The Blotter is taken from reports filed with Charleston Police Department between Feb. 3 and Feb. 9. No one described in this section has been found guilty, just unlucky.
BLOTTER O’ THE WEEK: Security footage caught one man stealing a large amount of laundry supplies, including scent boosters, detergent and Gain “Flings.” Poor guy clearly read an article about
“money laundering” and got confused.
An assortment of clothes and Beats by Dre headphones were stolen from a West Ashley department store.

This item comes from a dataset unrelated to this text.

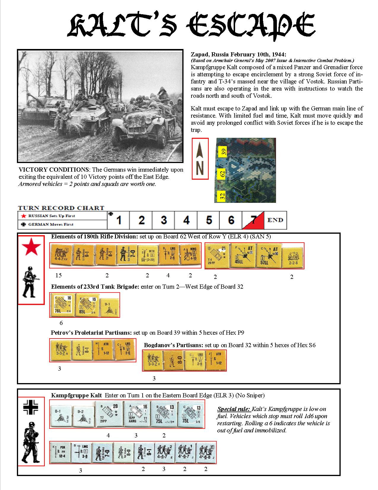 | Misc Rules: | A: No sniper. German AFVs do dr at each stop - a roll of 6 means immobilzation (out of gas) |

The stolen goods’ total value was just under $500. We are pretty sure since the headphones have a famous dude’s name on them, they were a hefty portion of that value.
A woman reported her purse was stolen from a house party after she put it down on what either she or the police called a “budda head.” It’s probably a Buddha head, but would be great if it was actually a bust made of butter.
Police pulled over a black Dodge Charger for turning without a signal on Meeting Street. We know where you think this is going, but the driver was apparently very cooperative and let off with a warning, even after police found the marijuana and the gun.
Police responded to an emergency call about a woman that claimed her legs had gone numb and she was unable to stand up. Her family said the only history of drugs she had was marijuana, of which officers found 0.25 grams in her bedroom. Bad trip, man.
A box containing 50 .22-caliber rounds of ammunition was stolen from a West Ashley vehicle parked behind the owner’s residence. At least the owner was smart enough not to leave his gun in the unlocked car, too. Unlike some people.
One man told officers his Nissan was stolen, and he was pretty bummed about it. We wonder how it must have felt when officers had to explain that they found his car, and the resulting pursuit ended in a wreck.
A West Ashley man, who apparently watched too many cop shows, kicked in his girlfriend’s door in what she said was an attempt to look cool. He caused excessive damage, obviously, and immediately fled the scene. Even cooler.
Another catalytic converter was stolen from five Mercedes vans parked at an abandoned building along Savannah Highway. This is apparently a nation-wide epidemic, even the New York Times did an expose on the crime last week.
A downtown man cracked open a cold one in front of a police officer last Monday, looked him square in the eyes and asked if he “would let him walk away.” He did not. Not cool, man.
As our writer was finishing up this week’s edition of the Blotter, it began to rain about four hours earlier than forecasted, resulting in a rushed attempt at a final entry — this one — to prevent his laptop from getting too wet. We hope you understand.